─── Information provided ───
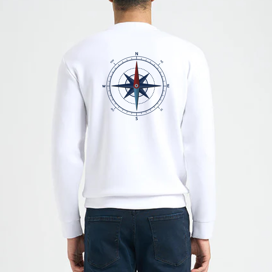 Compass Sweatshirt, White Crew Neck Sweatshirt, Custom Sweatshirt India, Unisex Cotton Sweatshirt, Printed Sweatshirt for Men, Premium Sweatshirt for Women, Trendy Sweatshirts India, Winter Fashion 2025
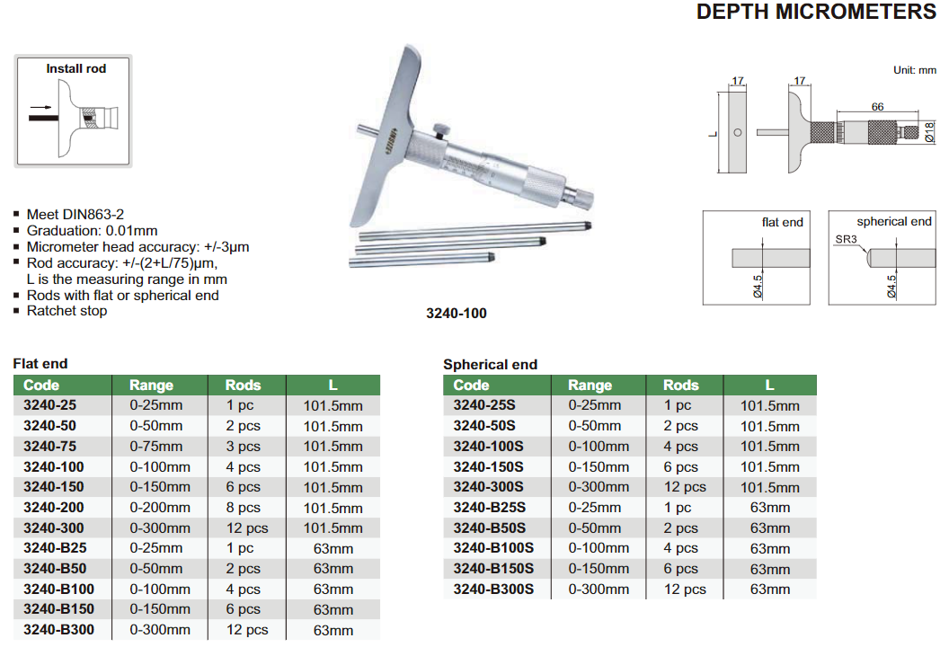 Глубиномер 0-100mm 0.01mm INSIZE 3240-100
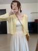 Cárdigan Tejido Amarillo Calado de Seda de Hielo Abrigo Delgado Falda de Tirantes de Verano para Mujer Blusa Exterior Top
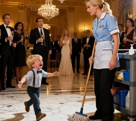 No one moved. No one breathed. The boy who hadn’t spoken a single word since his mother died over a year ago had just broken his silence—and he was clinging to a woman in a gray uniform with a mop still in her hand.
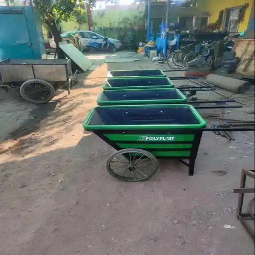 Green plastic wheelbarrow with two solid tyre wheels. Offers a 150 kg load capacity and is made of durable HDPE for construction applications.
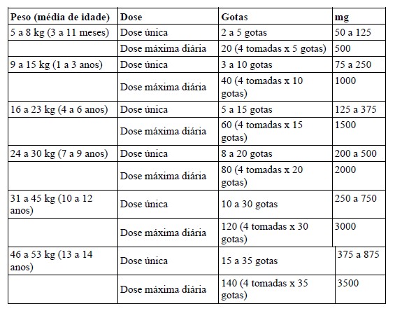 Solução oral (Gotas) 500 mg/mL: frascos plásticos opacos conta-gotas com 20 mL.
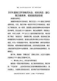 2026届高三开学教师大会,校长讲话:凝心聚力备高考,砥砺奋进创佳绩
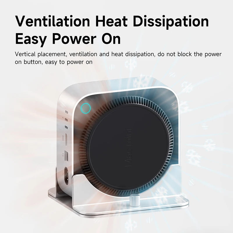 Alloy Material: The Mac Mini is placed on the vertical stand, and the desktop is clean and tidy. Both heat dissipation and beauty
───
> [The problem]: When you copy the records above, keep every word exact and drop the pictures.

> [Solution below]:
 Compass Sweatshirt, White Crew Neck Sweatshirt, Custom Sweatshirt India, Unisex Cotton Sweatshirt, Printed Sweatshirt for Men, Premium Sweatshirt for Women, Trendy Sweatshirts India, Winter Fashion 2025
 Глубиномер 0-100mm 0.01mm INSIZE 3240-100
 Cárdigan Tejido Amarillo Calado de Seda de Hielo Abrigo Delgado Falda de Tirantes de Verano para Mujer Blusa Exterior Top
 No one moved. No one breathed. The boy who hadn’t spoken a single word since his mother died over a year ago had just broken his silence—and he was clinging to a woman in a gray uniform with a mop still in her hand.
 Green plastic wheelbarrow with two solid tyre wheels. Offers a 150 kg load capacity and is made of durable HDPE for construction applications.
 Solução oral (Gotas) 500 mg/mL: frascos plásticos opacos conta-gotas com 20 mL.
 2026届高三开学教师大会,校长讲话:凝心聚力备高考,砥砺奋进创佳绩
 Alloy Material: The Mac Mini is placed on the vertical stand, and the desktop is clean and tidy. Both heat dissipation and beauty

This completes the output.